Let's begin with the first Gospel. Matthew writes...
Matthew 28:1 "In the end of the sabbath, as it began to dawn toward the first day of the week, came Mary Magdalene and the other Mary to see the sepulchre"
Here we have some very interesting proof that the Sabbath could not possibly be the first day of the week. According to this record the Sabbath was ending when the first day was beginning. They are two successive days. Based on Scripture no one could truthfully call Sunday the Sabbath. It would be both confusing and unbiblical.
The substance of Matthew's testimony is simply that the women came at dawn on the day following the Sabbath and found that Jesus was already risen. This harmonizes perfectly with the next Gospel, which adds a few more details. Notice that Mark equates the dawn with "the rising of the sun". He wrote...

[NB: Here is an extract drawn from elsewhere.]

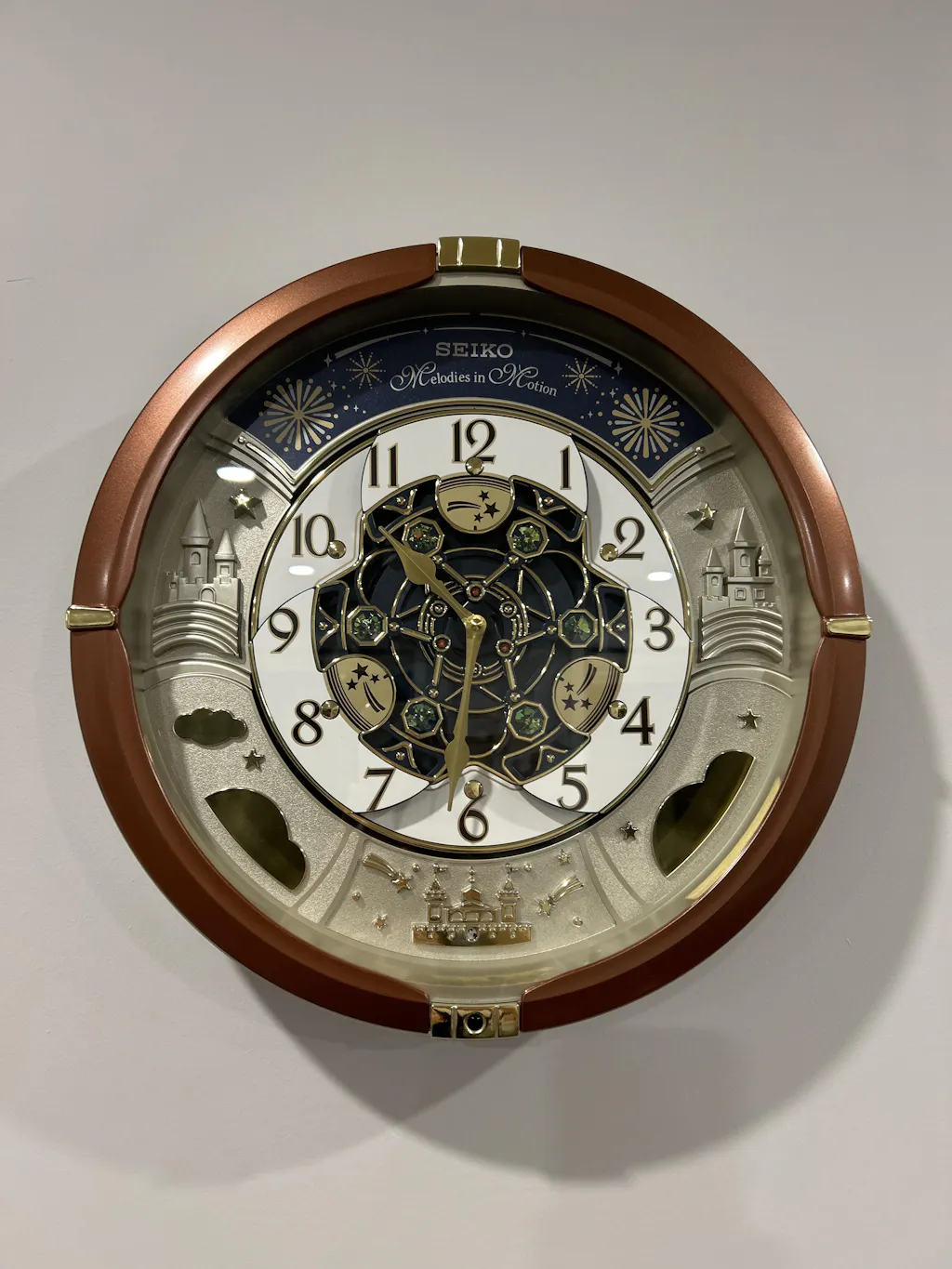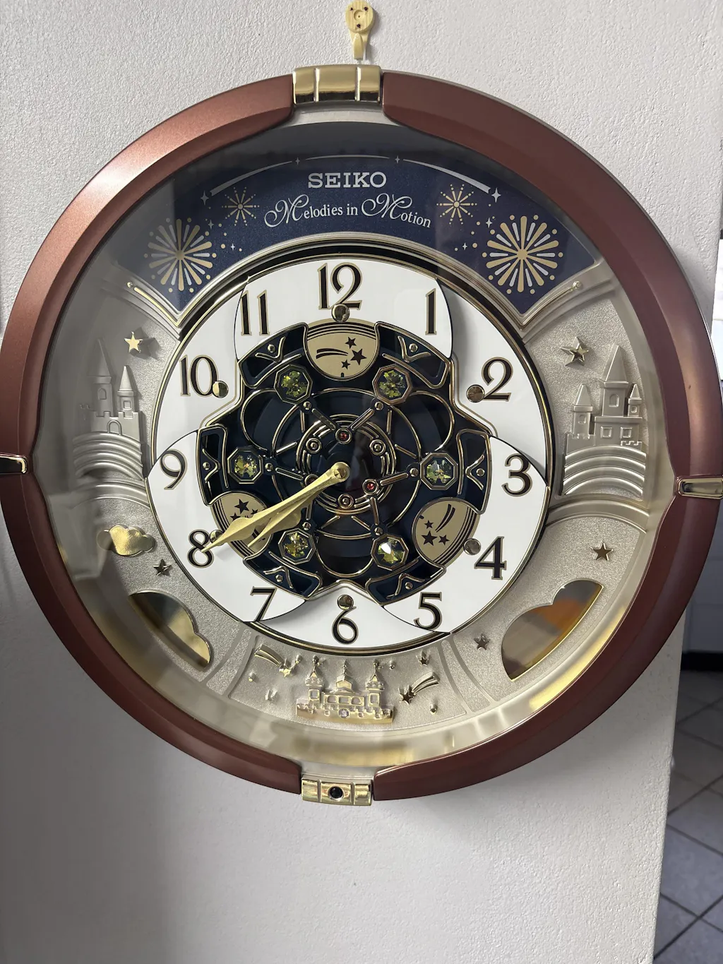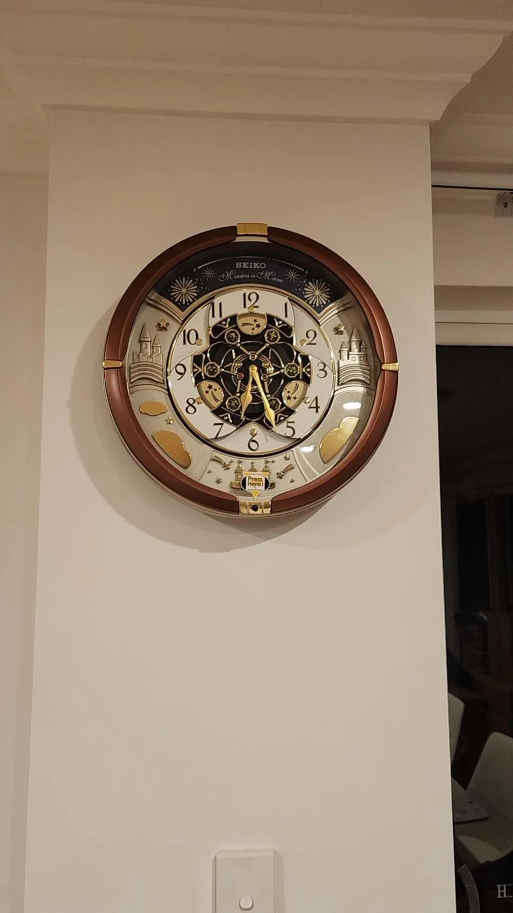 - On the hour dial opens and rotates while playing randomly one of 18 melodies with opening/closing sequence
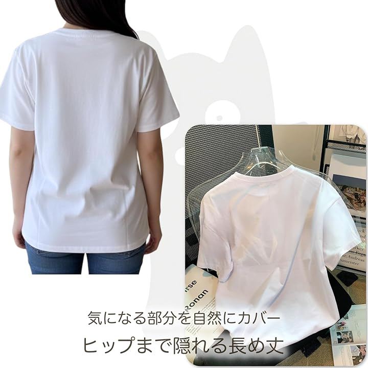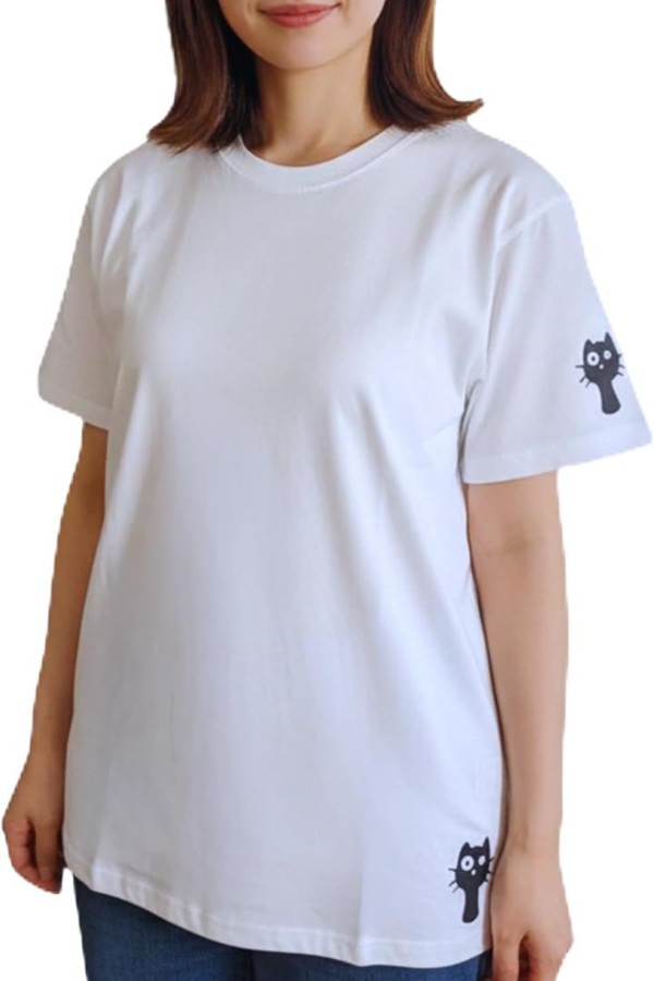 [ブブ オーハナ] Tシャツ ゆったり 大きめ 小さなネコちゃん シルエット デザイン プリント カジュアル 背面無地 レディース

Mark 16:1–3 "1 And when the sabbath was past, Mary Magdalene, and Mary the mother of James, and Salome, had bought sweet spices, that they might come and anoint him. 2 And very early in the morning the first day of the week, they came unto the sepulchre at the rising of the sun. 3 And they said among themselves, Who shall roll us away the stone from the door of the sepulchre?"
These parallel Gospel accounts clear up a common misconception that has arisen over the meaning of Matthew's words "as it began to dawn toward the first day of the week". Some have interpreted this to be just before sundown on Saturday evening. Since the Hebrew reckoning would establish the end of the Sabbath at sunset, they assume that the women came just before the first day was ushered in at sundown.
Here we see the value of comparing text with text. Mark's words make it impossible to hold the view that the women came Saturday night and found the tomb empty. He lists the very same women as coming at sunrise Sunday morning, but they were asking the question, "Who shall roll us away the stone?". Obviously, if they had been there the night before and discovered an empty tomb, they would have known that the stone was already removed from the door. Thus, we can understand clearly that Matthew's "dawn" is referring to the early morning visit at sunrise on Sunday morning.
The third New Testament reference to the first day is a simple narrative statement in Mark 16:9:
Mark 16:9 "Now when Jesus was risen early the first day of the week, he appeared first to Mary Magdalene, out of whom he had cast seven devils."
Little comment is needed here, because the verse is only repeating the same story of the resurrection early on Sunday morning. The important thing to note is that nothing is said in any of these texts about the first day of the week being holy. There is no intimation of anyone observing the day in honour of the resurrection.